Solution?  Comb it out.

Had to bring the full arsenal to bear on this one!

Add texture (what was this Great Strife, and why is Hilden described as once-mighty?); vary the flow (note the disparity in the number of clauses per sentence, and the improved interconnectivity between the sentences themselves); intersperse some lyrical elements (“March after March” / “league after league”, a more pronounced organic theme to the description of the province’s growth, imparting the sense that it is a living thing); and insert a more significant pause (a paragraph break) before the last sentence.  Voila!  The net result is, I think, a much more artful piece of writing.  Hopefully you agree.  Either way, however, it should serve as a good example of how I go about the craft.

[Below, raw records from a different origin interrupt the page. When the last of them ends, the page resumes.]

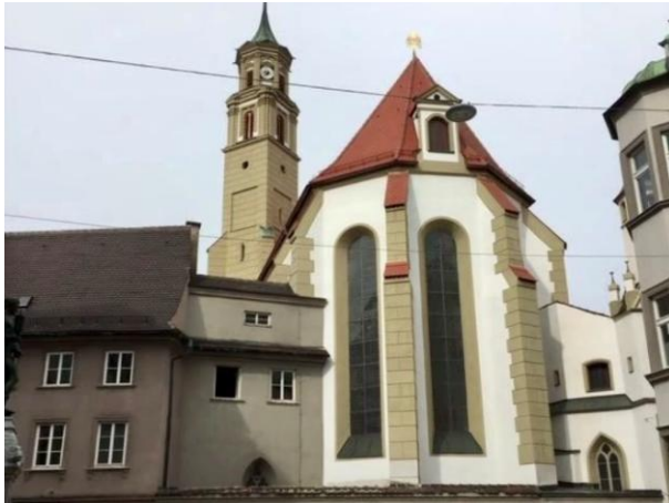
St.-Anna-Kirche Augsburg mit Fuggerkapelle und Lutherstiege
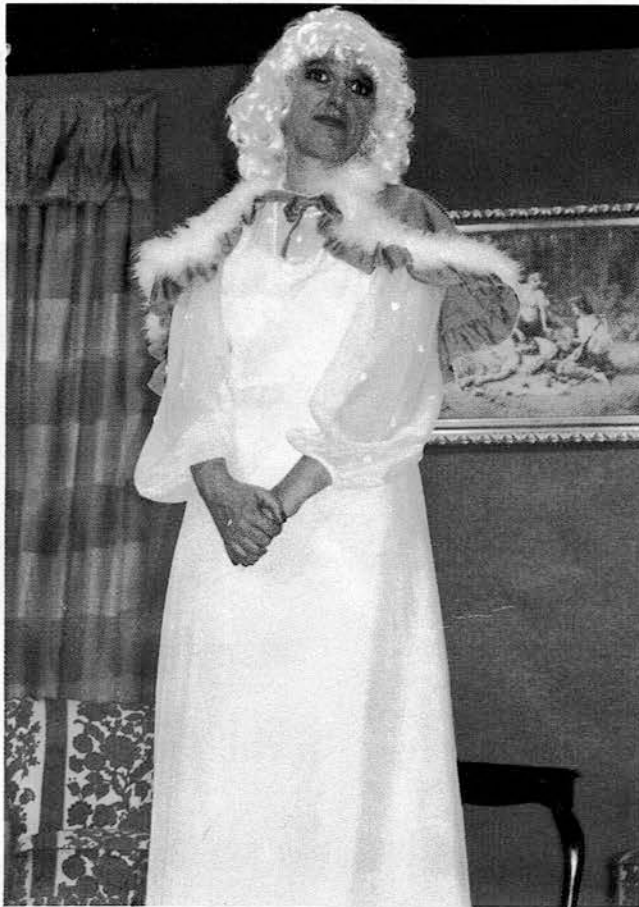
Traumpaar mit Verspätung: Stasi...
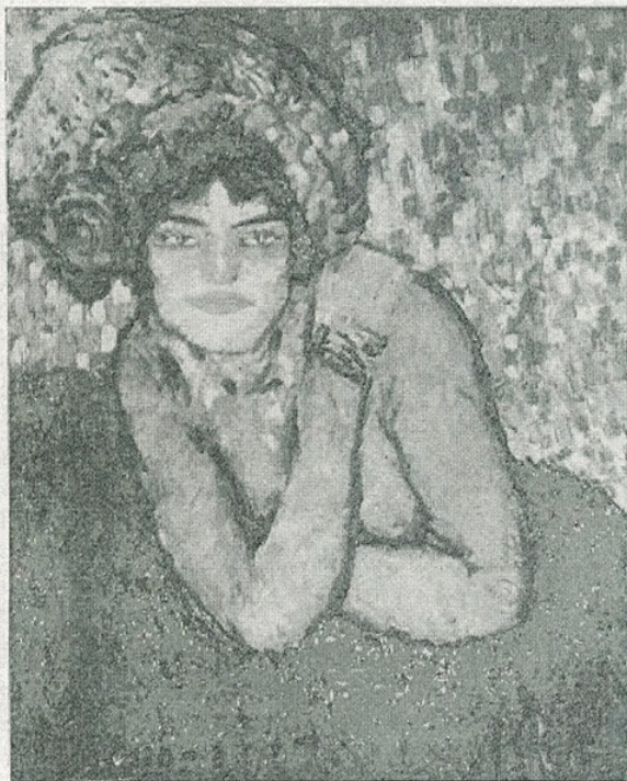
✓ P. R. Picasso. — «Margot» (Museu d'Art de Catalunya) MPB 4271
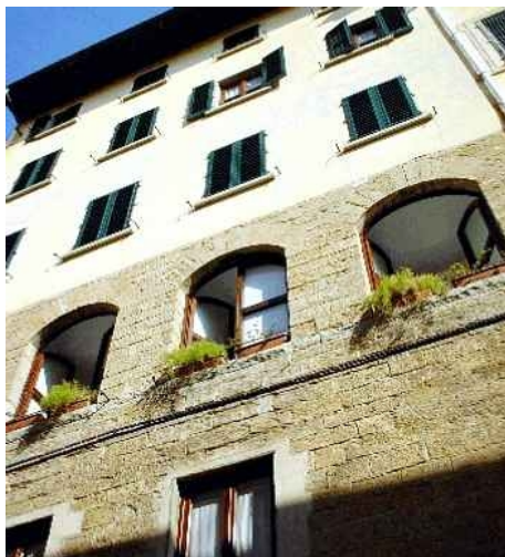
DER PALAZZO MANNAIONI IN FLORENZ

Now, to be clear, by NO means am I recommending this approach as a best practice for your own work.  It seems to me (based on nothing more than anecdotal evidence I’ve read online) that the majority of writers prefer to power through multiple drafts – and while I don’t know if that methodology produces better books necessarily, it seems to lead to greater output.  (Certainly, it can’t be nearly as frustrating as the way that I do it!)  Unfortunately, I don’t (yet?) seem capable of any other process, and so I’m stuck with what I’ve got.  If you are the same way, perhaps this explanation and the accompanying examples I provided will give you some insight as to how improve your own writing.  (And if not, don’t worry –I’ll have an example of more traditional paring back in my next post, to follow sometime later this month.)


*If you suffer from the same affliction, here’s a tip I can advise to minimize the unproductive hours spent staring at the same half page trying to get it just right:  step away for a while.  Go to the gym, take a walk, read someone else’s stuff.  You may not be able to move on from the problematic section, but you’ll be surprised how helpful it is to come back to it with fresh eyes.